Cependant, je voudrais poser quelques questions précises à M. Séralini. Pourquoi son étude ne comporte-t-elle pas d’analyse statistique, ce qui est pourtant la règle incontournable en toxicologie et en cancérologie ? Le professeur Lavielle, qui fait autorité en matière de statistiques, l’a récemment répété à plusieurs reprises dans la presse.

Le choix de l’espèce de rats – « Sprague-Dawley » – est-il justifié, alors qu’on sait que ces rats présentent des tumeurs spontanées dès qu’ils atteignent l’âge de deux ans ?

Pourquoi les séries sont-elles aussi peu nombreuses ?

Enfin, où les études ont-elles été réalisées ? Le certificat d’agrément expérimental ne semble pas correspondre au département du Calvados.

Je voudrais également soulever la question des liens d’intérêt.
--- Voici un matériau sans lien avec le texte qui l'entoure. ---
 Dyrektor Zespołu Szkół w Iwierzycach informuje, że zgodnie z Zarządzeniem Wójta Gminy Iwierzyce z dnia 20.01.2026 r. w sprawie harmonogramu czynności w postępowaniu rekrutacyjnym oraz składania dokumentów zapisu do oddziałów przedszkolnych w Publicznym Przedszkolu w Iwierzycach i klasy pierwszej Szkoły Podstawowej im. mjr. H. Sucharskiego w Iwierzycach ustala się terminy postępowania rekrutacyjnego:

S’agissant de travaux que vous avez présentés comme hautement rigoureux et d’une éthique scientifique accomplie, on peut en effet s’interroger sur le plan de communication médiatique inédit en matière de travail scientifique et de recherche. Ainsi, les journalistes ont dû signer une clause de confidentialité avant que vous ne vous exprimiez vous-même, si bien qu’ils n’ont pas pu consulter d’autres chercheurs et accomplir leur travail contradictoire de validation des informations.

Vous avez obtenu des résultats totalement décalés par rapport à ceux des innombrables travaux qui ont été conduits sur le sujet, mais cela ne vous empêche pas d’en faire la promotion médiatique avec deux livres, le vôtre et celui de Mme Lepage, et un film. Dans un cas comparable, lorsqu’un laboratoire américain de recherche en physique fondamentale a cru avoir identifié un neutrino qui allait plus vite que la lumière, il a appelé la communauté scientifique internationale à la rescousse et, au bout de quelques semaines, il a été établi qu’il s’agissait d’un artefact. C’est ainsi que fonctionne la recherche.
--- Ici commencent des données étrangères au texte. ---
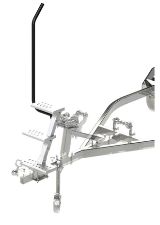 Удобная лестница на дышло лодочного прицепа выполнена из прочной оцинкованной стали с поручнем для безопасного и удобного подъема. Теперь вы сможете быстро и легко подняться на нос лодки, используя нашу лестницу. Ступени имеют специальную перфорацию, которая предотвращает скольжение и обеспечивает безопасность при подъеме. Лестница имеет надежную конструкцию и прочное крепление, защиту от коррозии, что гарантирует долгий срок использования. Идеально подходит для любителей активного отдыха на воде.

Je voudrais également avoir quelques renseignements sur l’indépendance et la transparence du CRIIGEN, dont vous présidez le comité scientifique, dont M. Spiroux est le président et dont Mme Lepage est la présidente d’honneur, ce qui laisse supposer la relative étroitesse du milieu, alors que, en ce domaine, il est au contraire important d’avoir une ouverture assez large.
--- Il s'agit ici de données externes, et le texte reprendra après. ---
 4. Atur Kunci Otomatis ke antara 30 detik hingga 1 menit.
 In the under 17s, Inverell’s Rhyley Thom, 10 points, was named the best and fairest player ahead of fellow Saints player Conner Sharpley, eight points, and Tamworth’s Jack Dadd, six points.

En ce qui concerne le financement, on parle d’une fondation suisse et d’une association largement financée par la grande distribution. Je voudrais avoir des précisions sur ce point.

Enfin, madame la présidente, je demande, au nom du groupe UMP, que la commission où j’ai l’honneur de siéger auditionne les responsables de l’ANSES et du Haut Comité des biotechnologies, ainsi que l’Académie des sciences. L’Assemblée dispose en outre de l’Office parlementaire d’évaluation des choix scientifiques et technologiques, qui, en application de l’article 6 ter de l’ordonnance de 1958 relative au fonctionnement des assemblées, a le rôle d’éclairer le travail des parlementaires. Nous avons bien vu, avec l’exposé hautement scientifique et les diagrammes complexes qui nous ont été présentés, que nous ne sommes pas aptes à juger de ces travaux.

Mme la présidente Catherine Lemorton. Monsieur Accoyer, j’ai dit en introduction que seraient organisées d’autres auditions contradictoires, notamment celle des personnes que vous avez citées.

Vous nous faites part de votre émotion face à la publicité que ces chercheurs ont voulu donner à leurs travaux. J’espère que vous êtes tout aussi émus par la publication d’un guide du médicament dont l’un de nos collègues députés est le coauteur et qui sème la panique parmi la population. Je ne vous ai guère entendu réagir à ce propos.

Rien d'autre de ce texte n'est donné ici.